▶ **TRY IT**
Beneath this task are records; print exactly the stretch of them from the line with "ILLUMINATED SCUFF PLATES" through the line with "Figure 5: A miner and her child in Ghana", both ends included.

▶ **GIVEN RECORDS**
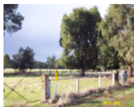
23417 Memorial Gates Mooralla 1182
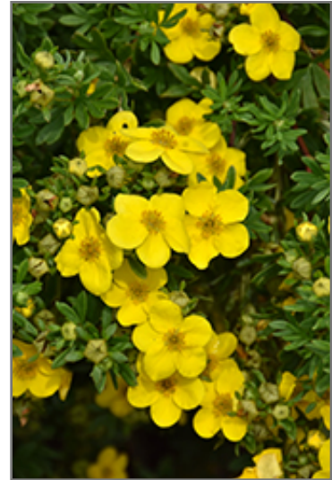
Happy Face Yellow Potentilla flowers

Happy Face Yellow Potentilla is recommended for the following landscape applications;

...

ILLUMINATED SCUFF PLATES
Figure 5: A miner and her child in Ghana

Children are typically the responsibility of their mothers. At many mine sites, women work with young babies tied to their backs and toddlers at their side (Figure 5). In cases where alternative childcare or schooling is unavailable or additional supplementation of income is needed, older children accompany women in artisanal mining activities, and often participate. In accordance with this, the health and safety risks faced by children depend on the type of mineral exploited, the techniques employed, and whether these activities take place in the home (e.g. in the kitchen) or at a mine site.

==

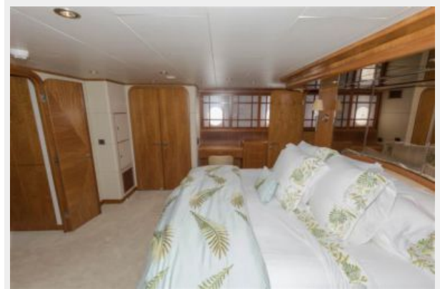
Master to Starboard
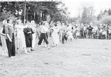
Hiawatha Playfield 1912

▶ **SOLVED EXERCISE**
ILLUMINATED SCUFF PLATES
Figure 5: A miner and her child in Ghana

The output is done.